Cash find lands pair in trouble

JOHNSTOWN — Upward of a half-million dollars in cash stashed in old coffee cans and found inside an Ebensburg garage has landed a local couple in trouble with the law.

David Eugene Lamer, 47, and Roxanne Lamer, 46, whose address is listed on federal documents as the 100 block of Tanner Street, are in trouble, not because they found the money, but because they failed to tell the Internal Revenue Service about the fortune.

The couple entered guilty pleas to charges of conspiracy last week in U.S. District Court for the Western Pennsylvania District in Johnstown.

They will be sentenced Aug. 9 by federal Judge Kim R. Gibson, said Cindy Pfeifer, IRS public information officer.

The Lamers’ attorney, Art McQuillan of Johnstown, had little to say late last week.

“Mr. and Mrs. Lamer accepted responsibility for a violation of the tax laws and there is a disposition on the case,” he said.
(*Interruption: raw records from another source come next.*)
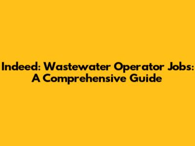 Indeed: Wastewater Operator Jobs And Career Insights
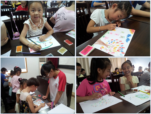 在都市家园、红丰等社区,来自我校工商管理学院的大学生志愿者们带来了他们的特色项目——手指创意画,为社区的七十多名孩子送上了一堂有趣的绘画课。孩子们无需画笔,只需小小的指尖沾上各种颜料,在纸上按出指印,再添上几笔就成了一幅美丽的指纹图画。在老师的指导下,孩子们在纸上不停地挥动着小手,个个兴奋不已,一幅幅漂亮的作品瞬间便呈现在大家面前。
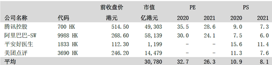 由于公司业务具创新型,暂无完全直接对比公司,考虑公司业务主要服务互联网用户,在以科技驱动的平台上提供多元化服务,已形成具规模的生态系统,因此选取提供多元化服务的平台型互联网公司作为整体PE估值及PS估值的可比公司。
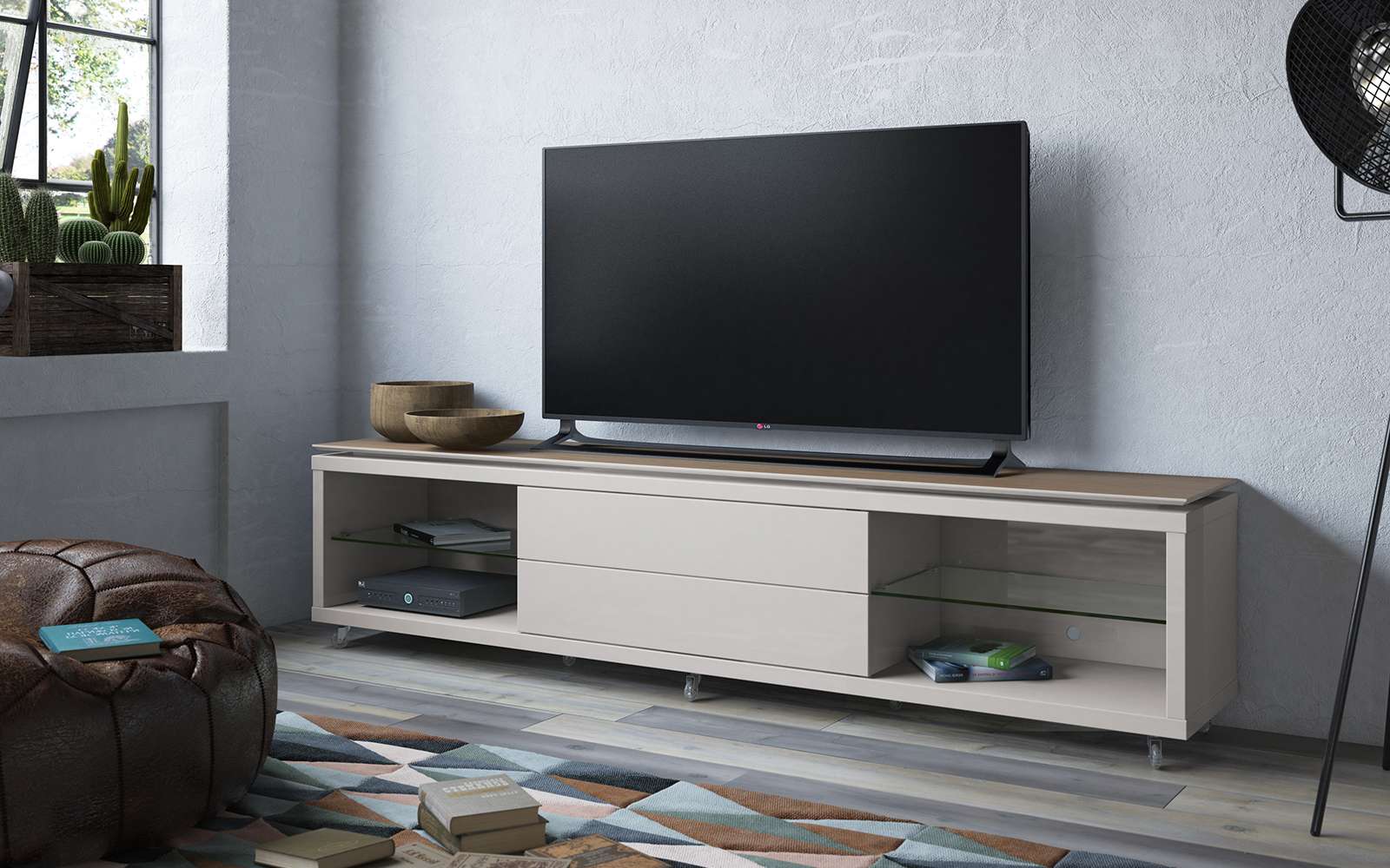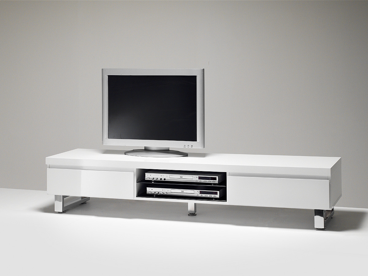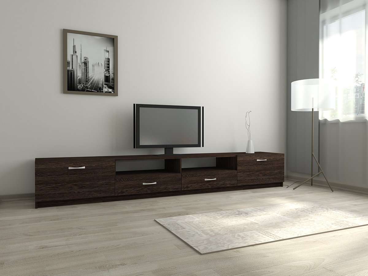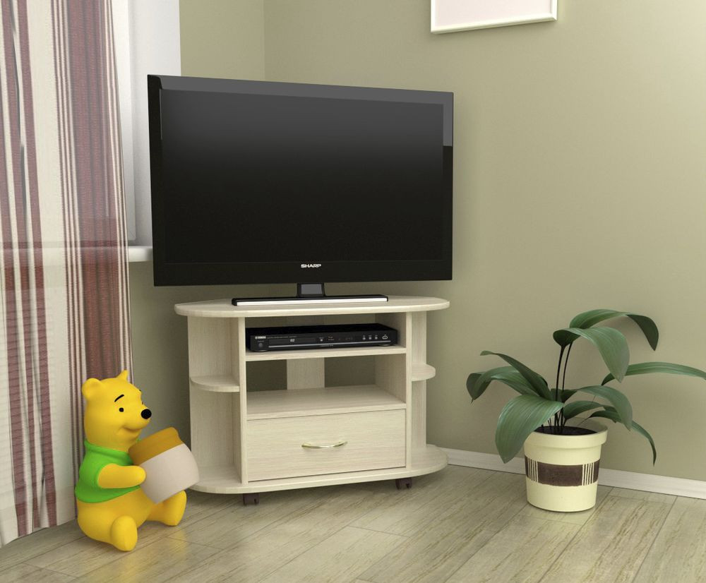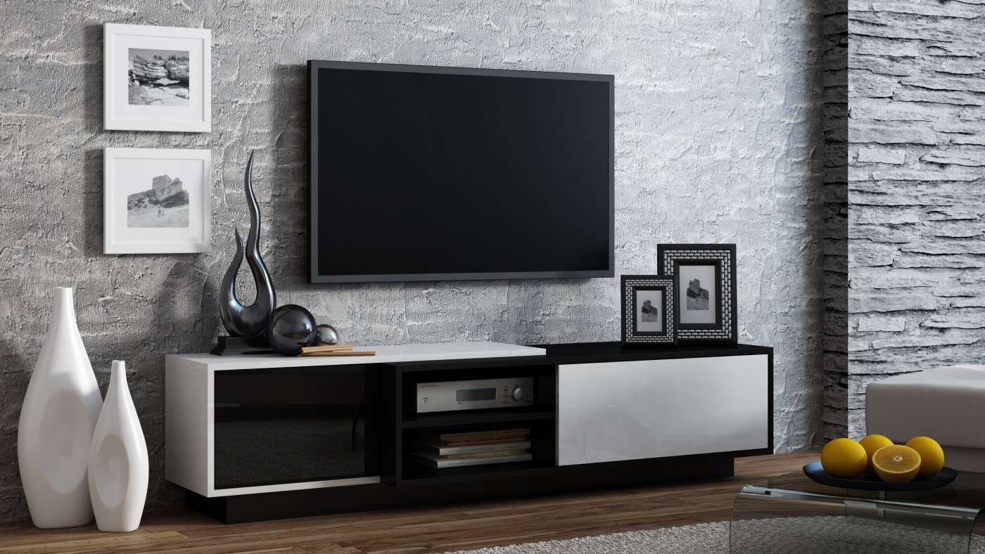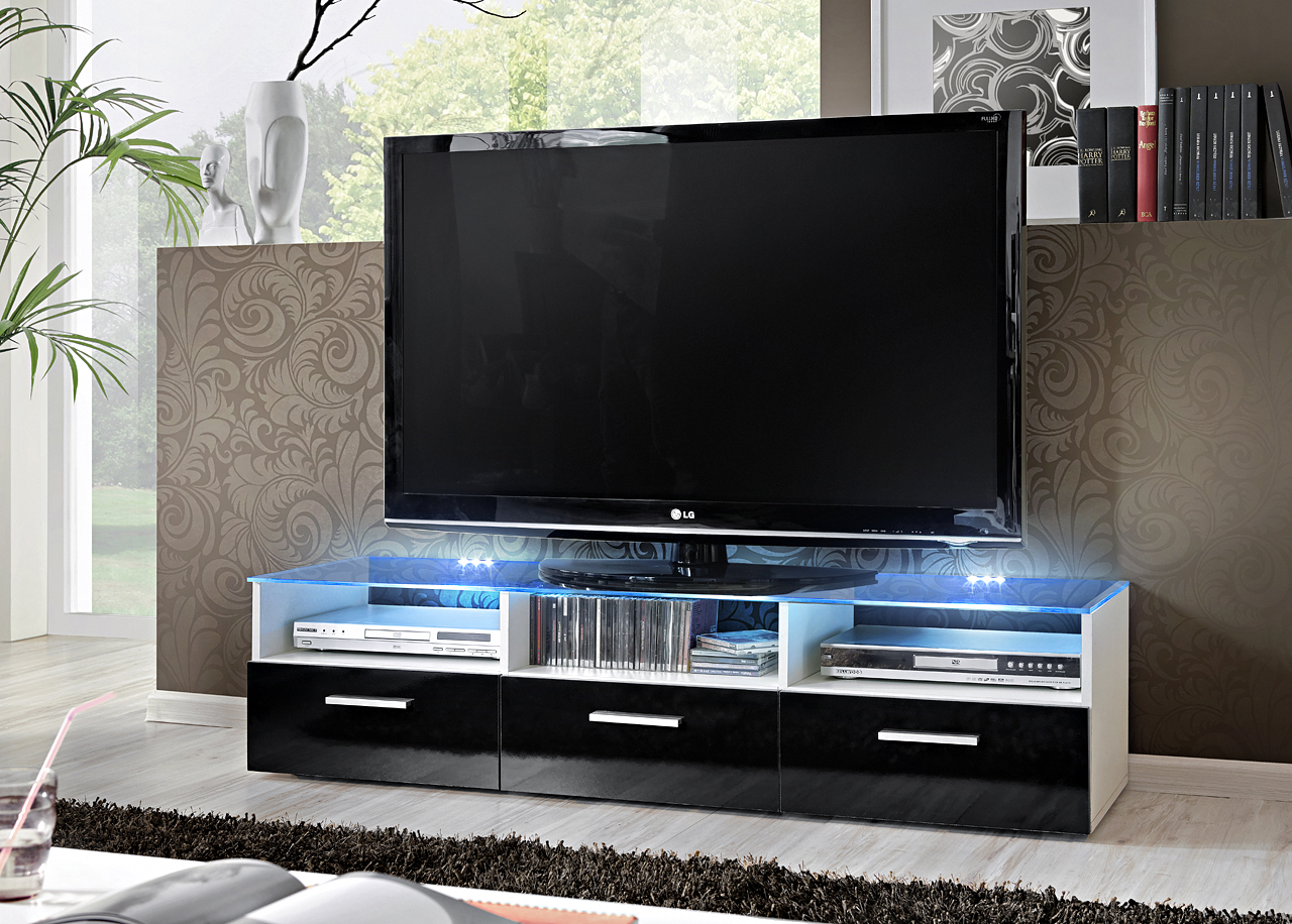 Sob o armário de TV, há um gabinete bastante amplo, caracterizado por uma pequena altura. De ano para ano, as televisões estão se tornando mais finas, além de mudar a aparência e as mesas de cabeceira. Sua instalação traz muitos pontos positivos:

The story told in the guilty plea documents signed by the Lamers and other court documents depict a scenario similar to a movie.

Lamer is a truck driver, and on June 9, 2007, he was hired by a family, not named in court documents, to clean out a garage in Ebensburg.
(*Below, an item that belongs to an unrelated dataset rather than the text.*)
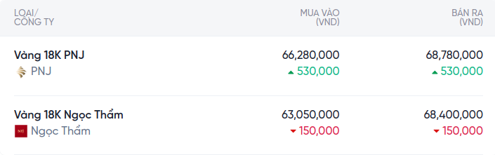 Giá vàng 18K có xu hướng biến động mạnh tại cả PNJ và ngọc thẫm. Tại PNJ, giá mua vào là 66,280,000 VND và bán ra 68,780,000 VND, đều tăng mạnh với mức 530,000 VND. Ngọc thẫm ghi nhận mức giảm 150,000 VND, với giá mua vào 63,050,000 VND và bán ra 68,400,000 VND.
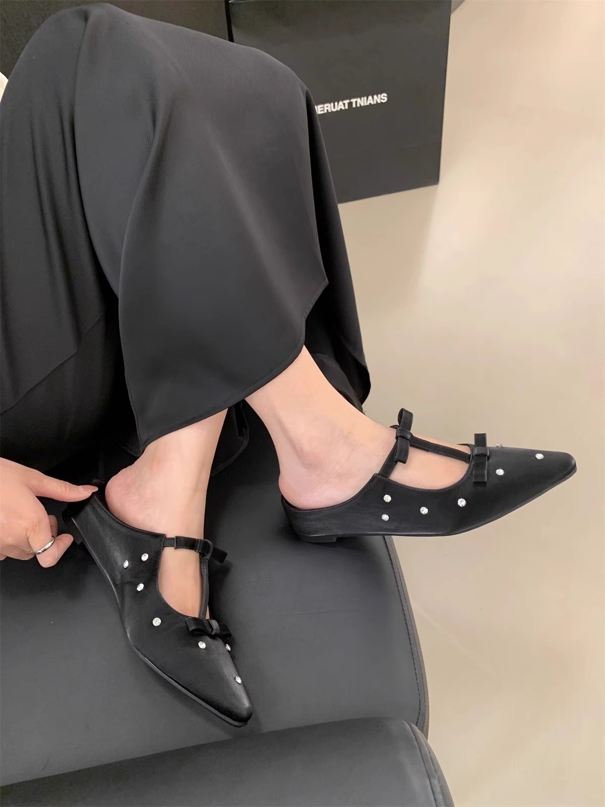 2025年夏の新作、韓国風デザインのレディースフレンチシルバーウェッジヒールポインテッドトゥハーフスリッパ👡

The garage, The Tribune-Democrat has learned, was the property of a longtime business operator in the area. Due to his declining years, family members of the garage owner took it upon themselves to clean out the structure.
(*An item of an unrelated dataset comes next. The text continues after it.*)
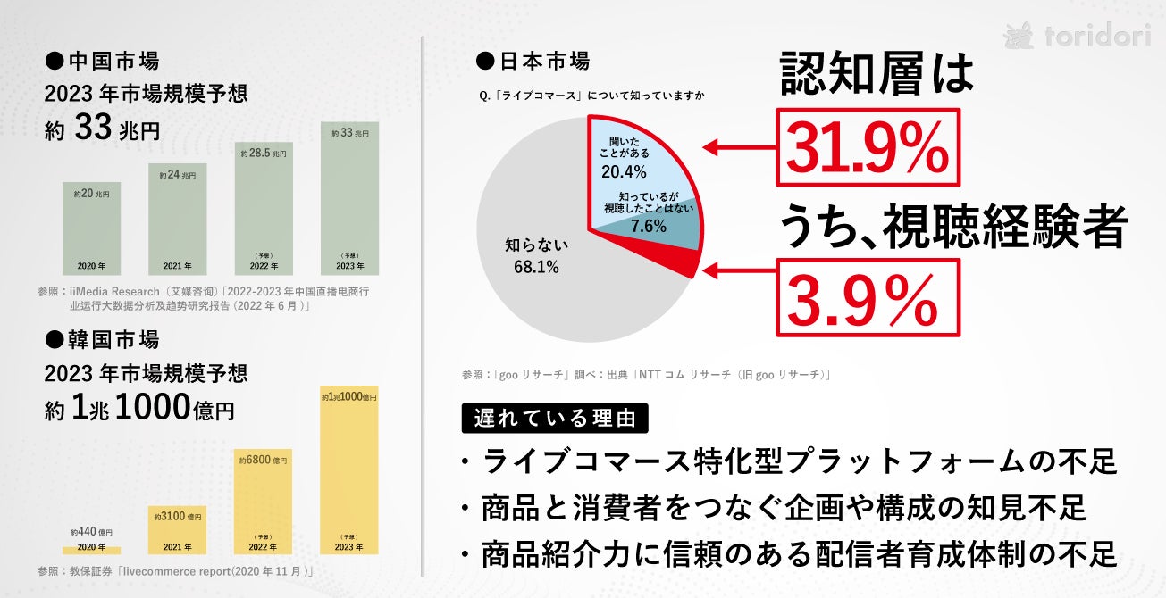 Eコマース市場規模では日本に次ぐ世界5位※1の韓国では、ライブコマース市場は年々成長しており、2023年には10兆ウォン(約1兆1000億円)規模まで拡大すると予想されています※4。

The belief was that anything of value was removed by the family and Lamer, hired to finish the project, was free to remove scrap metal, anything salvageable and get rid of the trash.

What Lamer found inside the garage were an undisclosed number of coffee cans and rolls of cash totaling $390,544.

Court documents show he took the cash-loaded coffee cans and said nothing to family members of the garage owner.

The Lamers then set about developing a complicated scheme to use the money without attracting attention.

In late June 2007, the Lamers, along with a woman identified as Linda Reed from Alabama, met at a campsite in the area and counted the money.

Roxanne Lamer created a contemporaneous written tally of the money and a safe was purchased to store and “secrete” the cash, the documents state.  

At about the same time, a second safe was purchased and given to Linda Reed along with $100,000 in cash with instructions for her to return to Alabama.

Her instructions from David Lamer were to pay off his mortgage and deposit the balance in a certificate of deposit for eventual return to him.

In July of that year, David Lamer contacted a man identified in court documents as Alvin Miller, address not disclosed, and asked for his help in getting the cash “into circulation.”

From July through October  2007, varying amounts of cash were given to Miller who in turn wrote checks on his bank account to David and Roxanne Lamer.

But somewhere a leak about the money developed.

“In or around December of 2007, the family who owned the garage property asked David Eugene Lamer if he had found coffee cans containing U.S. currency when he was cleaning out the garage,” court documents stated.

“David Eugene Lamer falsely replied in the negative.”

On or about April 15, 2008, Lamer filed his 2007 individual income tax return and failed to report an income of $390,544, according to documents.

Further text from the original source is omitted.